Every Chrome browser ships with a hidden feature that almost nobody talks about: a remote control API called the Chrome DevTools Protocol (CDP). It's the same protocol that powers Chrome DevTools — the thing you open when you press F12. But here's the part that changes everything: any program can use it. Including AI agents.

I've been using CDP daily for over a year to let AI agents browse the web using my real browser — with all my logged-in sessions intact. No passwords shared. No API keys. No OAuth flows. The AI just uses my browser like I would.

Three major tools have emerged to give AI agents this superpower. I tested all three on the same task, with the same browser, and discovered something that most tutorials and docs don't tell you.

The Three Contenders

	Playwright MCP	Chrome DevTools Protocol	agent-browser
Made by	Microsoft	Google (built into Chrome)	Vercel Labs
GitHub Stars	29,000+	Built-in (no repo needed)	23,500+
Language	TypeScript	Any (HTTP + WebSocket)	Rust
Latest Version	v0.0.68	Ships with Chrome	v0.21.2
Install	`npx @playwright/mcp`	Already in your browser	`npm i -g agent-browser`

They all use CDP under the hood. But they use it very differently — and that difference matters more than you'd think.

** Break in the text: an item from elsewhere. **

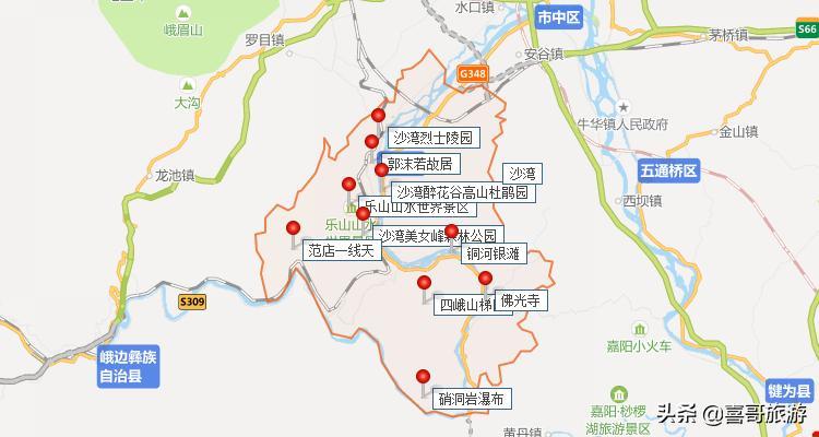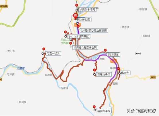 2、沙湾区十大景点自驾游行程路线:沙湾区-郭沫若故居-沙湾烈士陵园-沙湾醉花谷高山杜鹃园-乐山山水世界景区-沙湾美女峰森林公园-范店一线天-四峨山梯田-铜河银滩-硝洞岩瀑布-佛光寺-沙湾区。
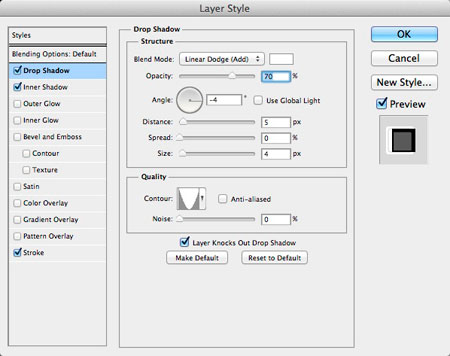 Layer> Layer Styles> Drop Shadow (Слой> Стиль Слоя> Тень). Используйте белый цвет, Режим наложения - Линейный осветлитель, Непрозрачность - 70%, угол – -4 градуса, Смещение - 5 пикс., Размер - 4 пикс. Контур выберите, как на изображении ниже.

Setting It Up (60 Seconds)

Before we compare the tools, let's enable Chrome's remote control. It takes one command.

Start Chrome with remote debugging:

# macOS
"/Applications/Google Chrome.app/Contents/MacOS/Google Chrome" --remote-debugging-port=9222

# Linux
google-chrome --remote-debugging-port=9222

# Windows
chrome.exe --remote-debugging-port=9222

Verify it's working:

curl http://localhost:9222/json/version

If you see a JSON response with your Chrome version, you're ready. That's the entire setup.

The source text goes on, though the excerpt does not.